-------- RECORDS FOR THE EXERCISE --------

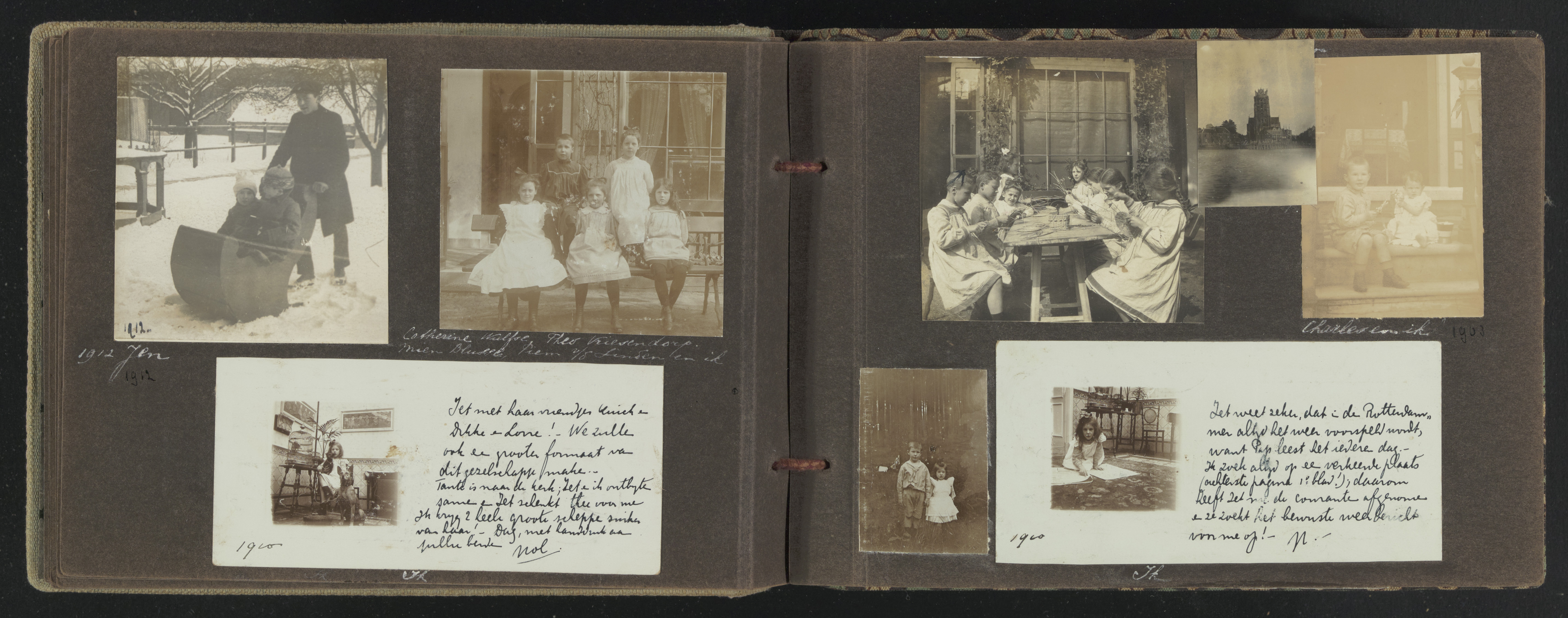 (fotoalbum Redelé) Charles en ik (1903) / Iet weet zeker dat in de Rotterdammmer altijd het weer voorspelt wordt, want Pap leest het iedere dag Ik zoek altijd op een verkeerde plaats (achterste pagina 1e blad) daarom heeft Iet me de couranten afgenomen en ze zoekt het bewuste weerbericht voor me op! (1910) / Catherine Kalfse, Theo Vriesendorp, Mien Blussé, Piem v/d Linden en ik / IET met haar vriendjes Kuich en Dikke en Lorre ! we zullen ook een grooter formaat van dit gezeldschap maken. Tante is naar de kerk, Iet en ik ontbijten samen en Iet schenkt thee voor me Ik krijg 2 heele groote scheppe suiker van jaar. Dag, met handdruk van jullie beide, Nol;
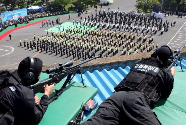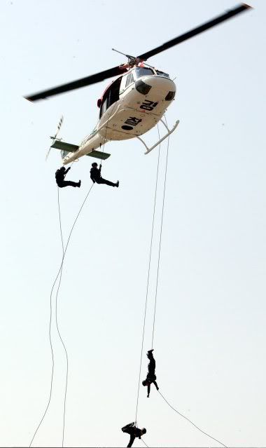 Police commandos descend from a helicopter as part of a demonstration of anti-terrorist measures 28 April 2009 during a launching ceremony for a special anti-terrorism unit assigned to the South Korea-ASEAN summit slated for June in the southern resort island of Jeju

--------
-------- RECORDS FOR THE EXERCISE --------

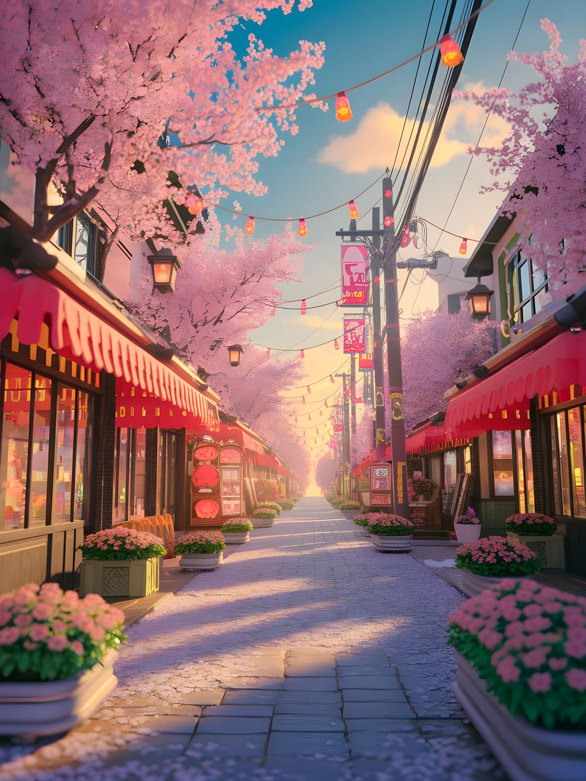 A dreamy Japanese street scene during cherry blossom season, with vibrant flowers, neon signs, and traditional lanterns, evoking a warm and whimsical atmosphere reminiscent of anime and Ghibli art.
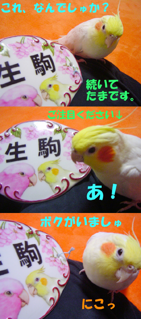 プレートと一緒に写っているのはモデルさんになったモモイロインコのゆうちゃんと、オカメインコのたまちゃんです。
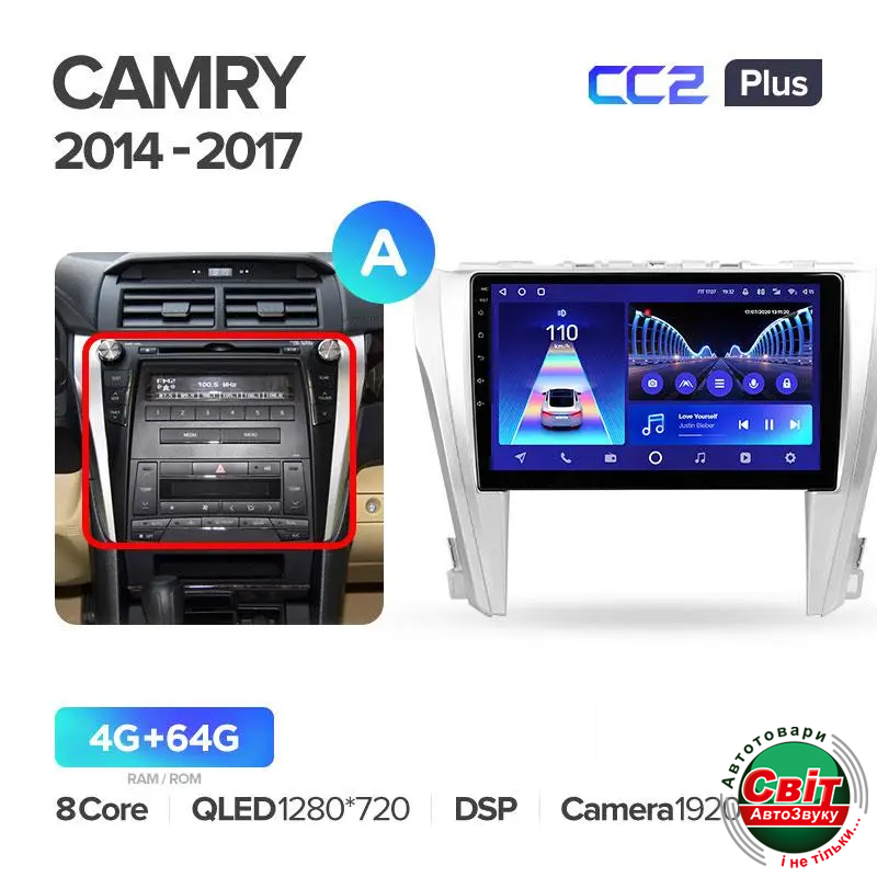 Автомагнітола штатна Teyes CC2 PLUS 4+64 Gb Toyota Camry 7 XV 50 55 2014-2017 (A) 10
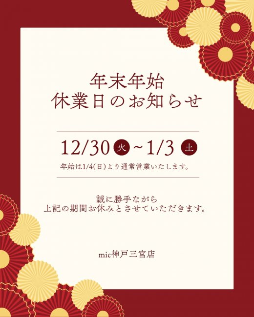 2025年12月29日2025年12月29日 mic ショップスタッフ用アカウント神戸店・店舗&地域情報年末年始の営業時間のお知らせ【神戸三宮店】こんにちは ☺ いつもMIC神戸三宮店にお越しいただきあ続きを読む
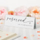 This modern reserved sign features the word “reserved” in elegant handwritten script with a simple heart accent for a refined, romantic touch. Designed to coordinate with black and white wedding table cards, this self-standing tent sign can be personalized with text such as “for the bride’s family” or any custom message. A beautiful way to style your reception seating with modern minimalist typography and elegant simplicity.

--------

* TASK BRIEF *
In the listing above, find the line containing "Автомагнітола штатна Teyes". Output it and every line after it up to and including the line containing "mic ショップスタッフ用アカウント神戸店・店舗&地域情報年末年始の営業時間のお知らせ【神戸三宮店】こんにちは ☺", exactly, but skip the pictures.

* OUTPUT *
 Автомагнітола штатна Teyes CC2 PLUS 4+64 Gb Toyota Camry 7 XV 50 55 2014-2017 (A) 10
 2025年12月29日2025年12月29日 mic ショップスタッフ用アカウント神戸店・店舗&地域情報年末年始の営業時間のお知らせ【神戸三宮店】こんにちは ☺ いつもMIC神戸三宮店にお越しいただきあ続きを読む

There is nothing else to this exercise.